Mike Daane, the bass player for Ugly Mus-tard, welcomes his guest in his elaborate home studio with a hearty smile. You might know Daane's name or his face: For years, he has been known as the friendliest and busiest bassist in local music, a man who has loaned his talent to more bands than he can remember, his bass lines stretching from bands like Last Rites and Methatone and 39 Powers (with Spyche) to regular guest slots with Andy Timmons and Sara Hickman.
As he introduces the rest of the band--guitarist Eric Trent, singer Kelly Barker, and drummer Fred Rush--in the midst of consoles, recorders, and various disparate instruments, one can't help but get the impression that he thinks and breathes music non-stop. But these days, Daane is just one member of the industrial-metal Ugly Mus-tard, which could prove to be his most (commercially) successful outfit to date. The band's single "High" is garnering considerable play on local radio, and Ugly Mus-tard is close to inking a deal with one of the several major labels that have been dangling deals in front of them like carrots.

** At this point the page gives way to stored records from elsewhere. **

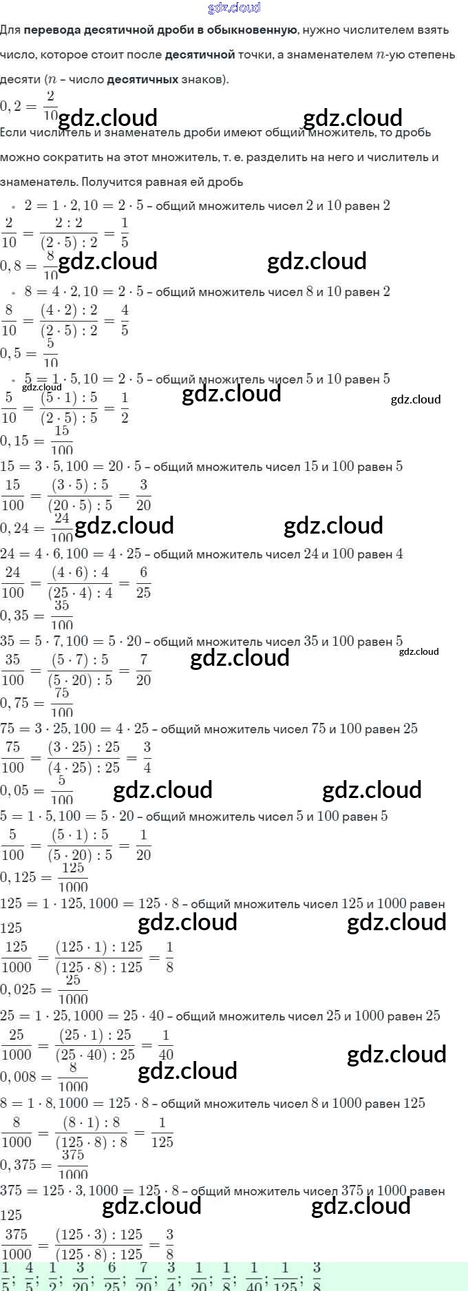 §2. Сложение и вычитание дробей с разными знаменателями Ответы к Главе 1 по Математике 6 класс Учебник Виленкин Мнемозина
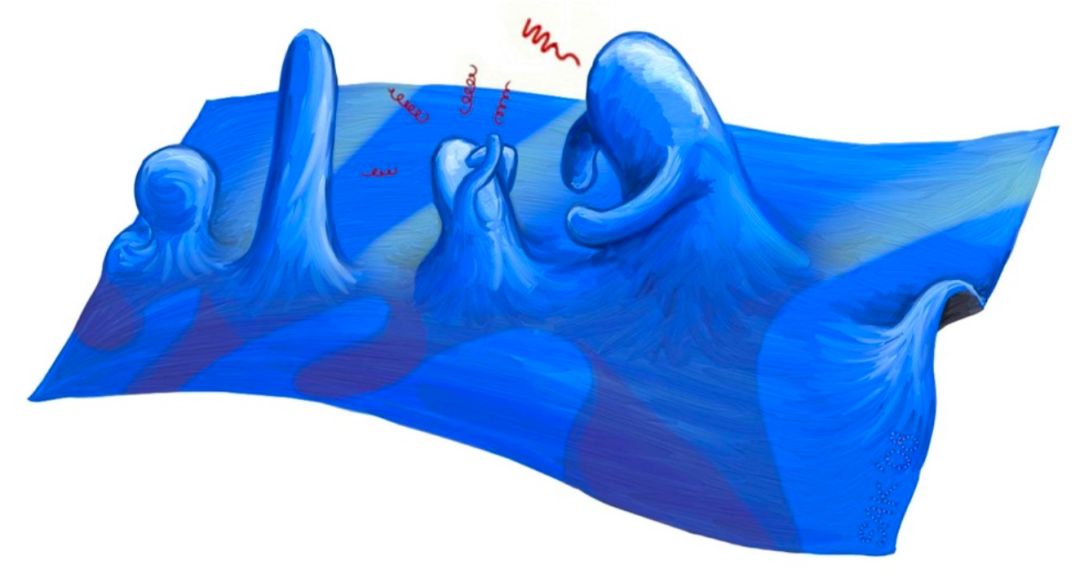 同样的道理,在粒子经过时,希格斯场的局部也会出现畸变。畸变,即环绕在粒子周围的场的聚集,产生了粒子的质量。
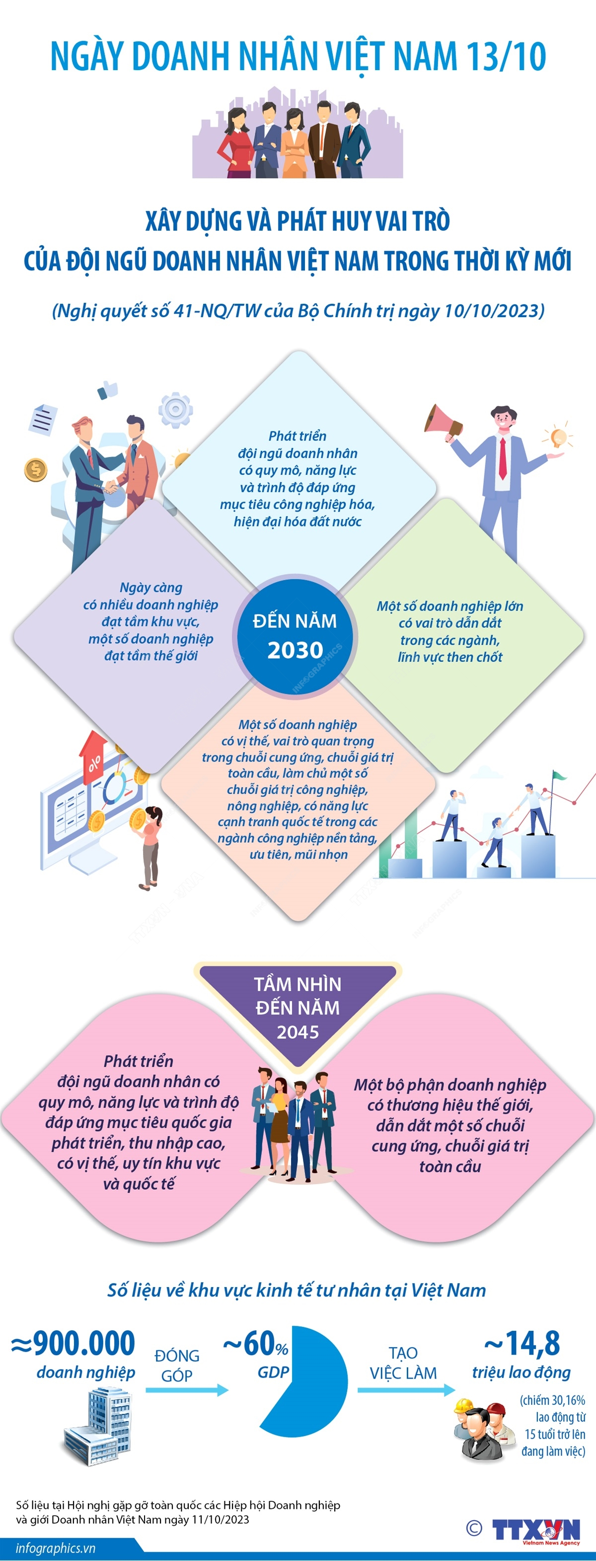 Ngày 10/10/2023, Tổng Bí thư Nguyễn Phú Trọng đã ký Nghị quyết 41-NQ/TW của Bộ Chính trị về xây dựng và phát huy vai trò của đội ngũ doanh nhân Việt Nam trong thời kỳ mới. Nghị quyết đề ra mục tiêu tổng quát: Phát triển đội ngũ doanh nhân lớn mạnh về số lượng, chất lượng, cơ cấu hợp lý, có tầm nhìn, trí tuệ, đạo đức, tinh thần kinh doanh, làm giàu chính đáng, năng động, sáng tạo, năng lực quản trị tiên tiến, tuân thủ pháp luật, có đạo đức, văn hoá kinh doanh mang bản sắc dân tộc có trách nhiệm xã hội, ý thức bảo vệ môi trường, đóng góp xứng đáng cho các mục tiêu phát triển đất nước.

And like the old rock joke goes, they're already stars in Europe. Just days ago, the band returned from a promotional tour of Europe that included a sprint through Germany, Holland, and Britain during which they gave at least 60 interviews for radio, magazines, and assorted other fanzines.
"And the video for 'High' was just shown on the English MTV," Trent says, boasting just a little.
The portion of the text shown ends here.